Zeese: There have been inconsistent reports about whether the U.S. is building permanent military bases in Iraq. I’ve had activists who have talked to Senator John Warner, who claims there are no permanent bases being built. Other members of Congress like Jim McGovern (D-Wash.) say there is money being appropriated to build permanent bases. What is the truth here? If such bases are being built, how many are there and what is their purpose?
Leaver: Despite what many U.S. officials state, militarily, the United States is planning for a long-term stay in Iraq. The most recent spending bill in Congress for the Iraq war contained $236.5 million for permanent base construction. The original request for these funds from the Department of Defense stated, "This proposal will allow the Army to provide temporary facilities and in some very limited cases, permanent facilities. These facilities include barracks, administrative space, vehicle maintenance facilities, aviation facilities, mobilization-demobilization barracks, and community support facilities."
Currently, the U.S. operates out of approximately 106 locations across the country. That’s a huge presence in a country the size of California. Originally many of these bases were designated with unabashed names like "Camp Slayer," "Forward Operating Base Steel Dragon," and "Camp Headhunter." But by late 2004, many were renamed to more subtle names like Camp Prosperity, Camp Liberty, and Camp Freedom. In May 2005, plans for concentrating U.S. troops into four massive bases positioned geographically in the north, south, east, and west were reported.
Zeese: What is the impact of the Iraq war on security? Is it undermining terrorist networks or expanding them? Is it going to have any impact on security in the United States, or will it keep the terrorists fighting us on foreign soil as the president claims?
Leaver: While no Iraqi terror threat previously existed before the president led our nation to war, a National Intelligence Officer for Transnational Threats at the CIA said in January 2005 that the Iraq war has now provided terrorists with "a training ground, a recruitment ground, the opportunity for enhancing technical skills." Others at the CIA agree.
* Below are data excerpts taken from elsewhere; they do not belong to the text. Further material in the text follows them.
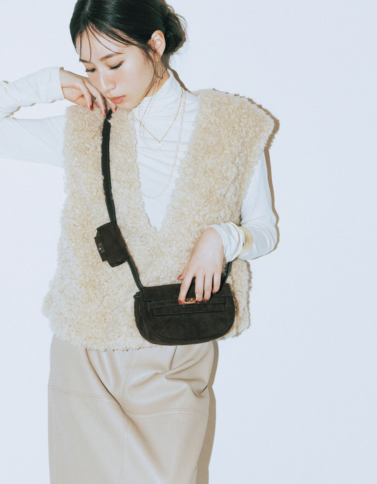 ファーベストが主役のレイヤードにキレのいいレザー風スカートのツヤ感で、感度高めの着こなしに。存在感のある素材同士も、淡色のワントーンでニュアンシーにまとめることで品よく仕上がります。斜めがけしたバッグで、引き締め効果を発揮。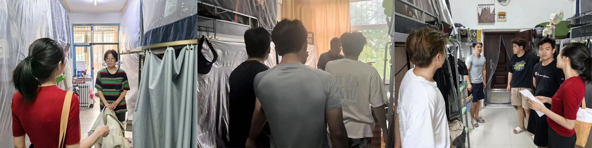 两位老师来到留校学生宿舍,亲切地与同学们交谈,向留校同学了解询问考研考公、实习和暑期实践活动、校园暑期生活服务设施满意度等方面的情况,并勉励同学们要抓住暑期黄金时间,科学规划未来职业发展,努力奋斗。此外,刘宏超副书记还特别强调了校园安全的重要性。他提醒留校学生要注意宿舍消防及用电安全,严格遵守学校暑期留宿管理规定及校规校纪,不要在宿舍吸烟;同时,要提高警惕,外出锁好门窗,保护好自己的个人财产安全,叮嘱同学们,遇到突发紧急情况要第一时间向辅导员和学院报告,确保自身生命安全。
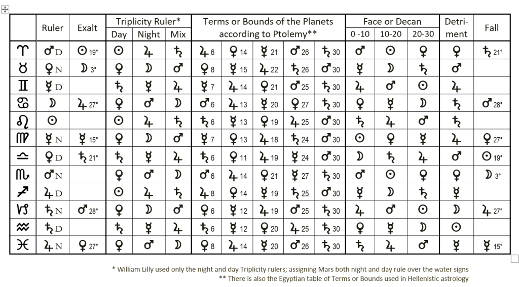 In traditional astrology the essential and accidental dignity of a planet is very important: The condition of a planet dictated how well it could function and do its job. Essential dignity was based on a   planet’s position in the zodiac and there were five: rulership, exaltation, triplicity, terms and face or decans.   The accidental condition of the planet was based on its relationship to the Sun and Earth included: house   position relative to the angles, aspect, speed and direction.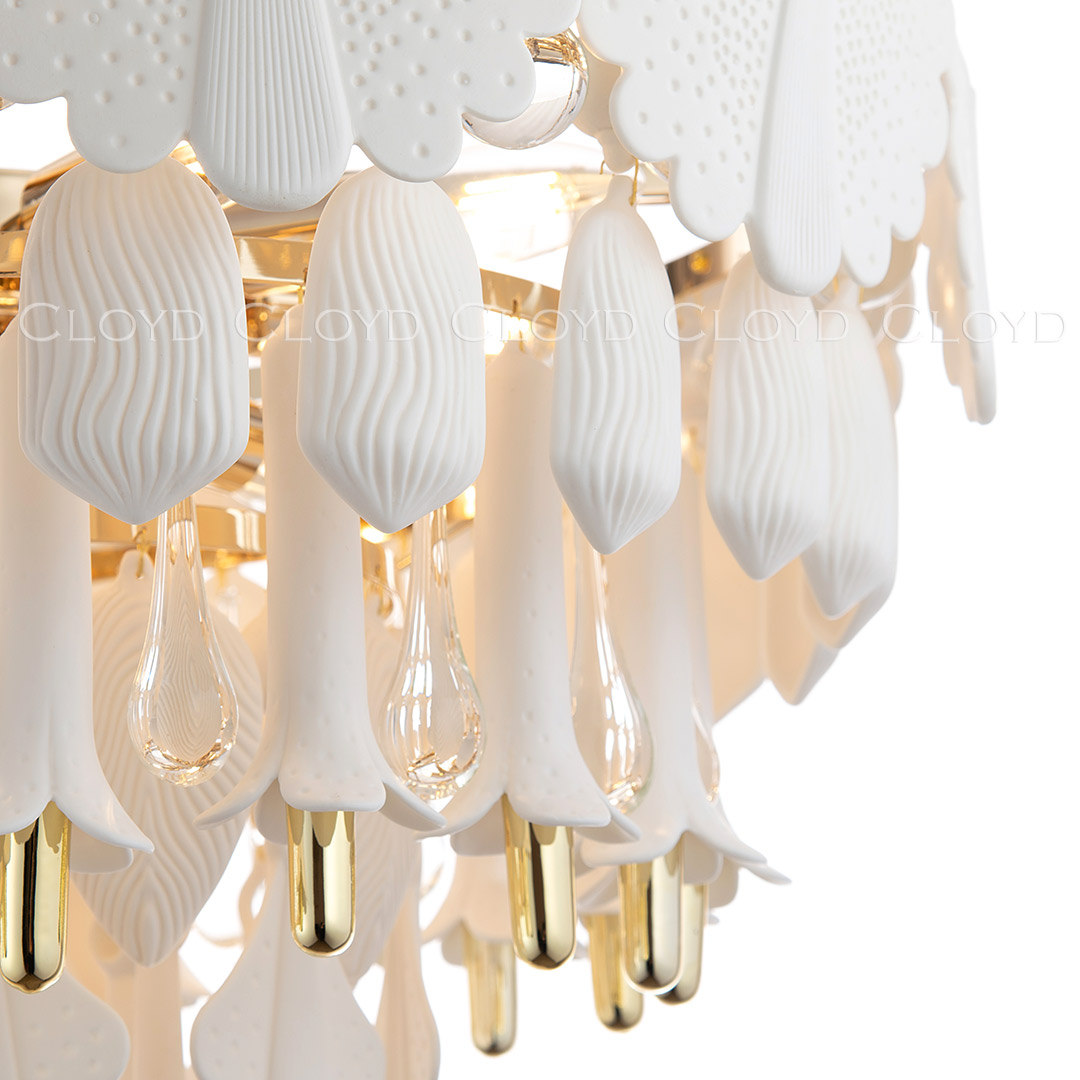 Люстра подвесная Cloyd PLINSE (Клойд Плинс) C12 / арт.11456, ø: 61 см. высота: 44 см (подвес в комплекте - до 50 см), источник света: E14 х 12 шт, цвет металла - золото блестящее. Особенности: керамика высокого качества.Гарантия: 1 год.

A May 2005 assessment says Iraq may prove to be an even more effective training ground for Islamic extremists than Afghanistan was.
Experts from the nonpartisan London think tank Chatham House wrote in July 2005, "[The Iraq War] gave a boost to the al-Qaeda network’s propaganda, recruitment and fundraising, caused a major split in the coalition, provided an ideal targeting and training area for al-Qaeda-linked terrorists and deflected resources and assistance that could have been deployed to assist the Karzai government and to bring bin Laden to justice."
While foreign fighters are seen as the most violent groups in Iraq, their numbers have been estimated to be around 1,000 out of a resistance ranging between 16,000 and 40,000. Instead of being long-term mercenaries, new investigations by the Saudi Arabian government and an Israeli think tank found that the majority of foreign fighters are not former terrorists and instead became radicalized by the war itself a troubling statistic given that according to the Bush administration, one major goal of this war is to stem future terrorism.
Coupled with what we’ve seen in the aftermath of the hurricane, the Iraq war has clearly made us less safe, at home and abroad.